(Task to complete) If pictures appear in the lines below, skip them and copy exactly the lines from the one containing "温馨提示:不同出发日期的团期" through the one containing "近日,四川大學(xué)華西", and nothing else.

(Provided data)
════════

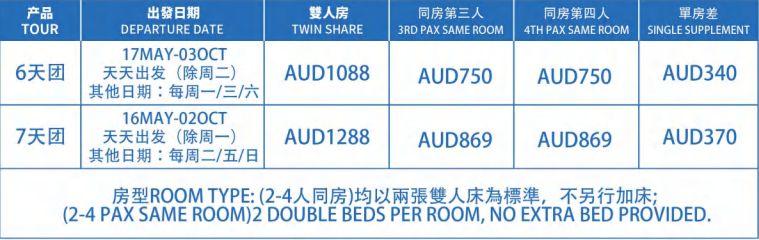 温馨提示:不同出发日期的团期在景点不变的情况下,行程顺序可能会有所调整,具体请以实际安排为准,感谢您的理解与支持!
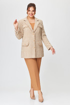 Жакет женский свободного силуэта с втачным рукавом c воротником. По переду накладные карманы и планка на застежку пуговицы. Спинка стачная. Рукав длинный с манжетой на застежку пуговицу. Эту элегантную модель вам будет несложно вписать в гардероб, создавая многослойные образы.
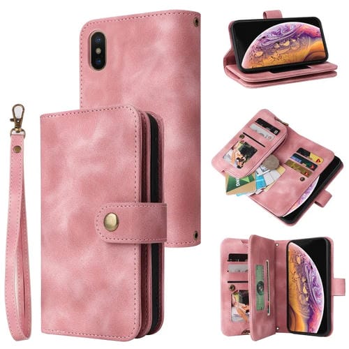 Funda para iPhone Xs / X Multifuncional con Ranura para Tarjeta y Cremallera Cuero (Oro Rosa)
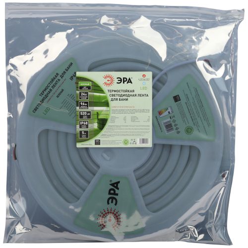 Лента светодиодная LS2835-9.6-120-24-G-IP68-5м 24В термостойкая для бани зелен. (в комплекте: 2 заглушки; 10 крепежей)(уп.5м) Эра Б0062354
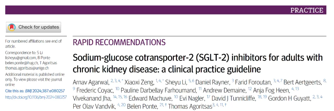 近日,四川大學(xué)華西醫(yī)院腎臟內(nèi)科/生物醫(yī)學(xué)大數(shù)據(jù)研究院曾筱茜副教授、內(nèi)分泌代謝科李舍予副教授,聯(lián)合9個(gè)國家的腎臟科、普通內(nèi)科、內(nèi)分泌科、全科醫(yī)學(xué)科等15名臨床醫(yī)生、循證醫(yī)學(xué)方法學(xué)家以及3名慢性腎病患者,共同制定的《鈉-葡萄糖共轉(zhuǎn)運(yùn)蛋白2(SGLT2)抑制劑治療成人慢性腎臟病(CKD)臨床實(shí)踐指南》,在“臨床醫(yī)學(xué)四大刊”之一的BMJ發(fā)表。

════════

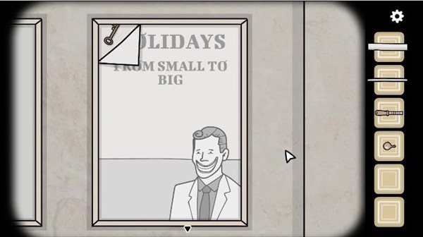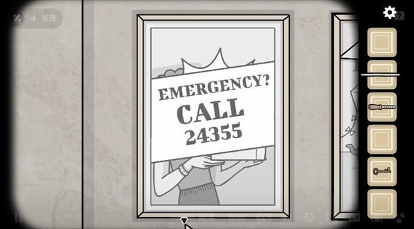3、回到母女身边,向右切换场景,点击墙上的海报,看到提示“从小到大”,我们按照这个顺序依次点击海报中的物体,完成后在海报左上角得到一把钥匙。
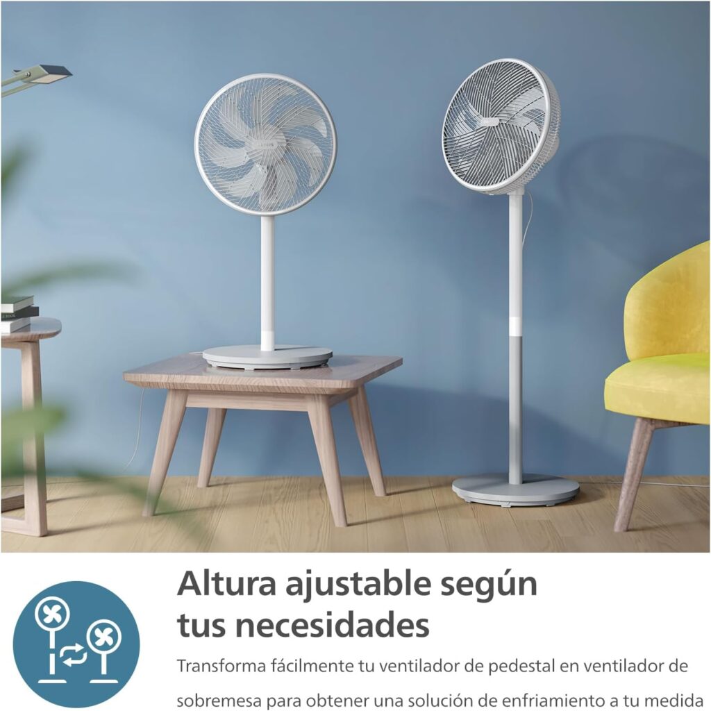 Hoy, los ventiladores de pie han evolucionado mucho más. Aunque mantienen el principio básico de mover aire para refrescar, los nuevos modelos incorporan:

════════

(Solved problem)
 温馨提示:不同出发日期的团期在景点不变的情况下,行程顺序可能会有所调整,具体请以实际安排为准,感谢您的理解与支持!
 Жакет женский свободного силуэта с втачным рукавом c воротником. По переду накладные карманы и планка на застежку пуговицы. Спинка стачная. Рукав длинный с манжетой на застежку пуговицу. Эту элегантную модель вам будет несложно вписать в гардероб, создавая многослойные образы.
 Funda para iPhone Xs / X Multifuncional con Ranura para Tarjeta y Cremallera Cuero (Oro Rosa)
 Лента светодиодная LS2835-9.6-120-24-G-IP68-5м 24В термостойкая для бани зелен. (в комплекте: 2 заглушки; 10 крепежей)(уп.5м) Эра Б0062354
 近日,四川大學(xué)華西醫(yī)院腎臟內(nèi)科/生物醫(yī)學(xué)大數(shù)據(jù)研究院曾筱茜副教授、內(nèi)分泌代謝科李舍予副教授,聯(lián)合9個(gè)國家的腎臟科、普通內(nèi)科、內(nèi)分泌科、全科醫(yī)學(xué)科等15名臨床醫(yī)生、循證醫(yī)學(xué)方法學(xué)家以及3名慢性腎病患者,共同制定的《鈉-葡萄糖共轉(zhuǎn)運(yùn)蛋白2(SGLT2)抑制劑治療成人慢性腎臟病(CKD)臨床實(shí)踐指南》,在“臨床醫(yī)學(xué)四大刊”之一的BMJ發(fā)表。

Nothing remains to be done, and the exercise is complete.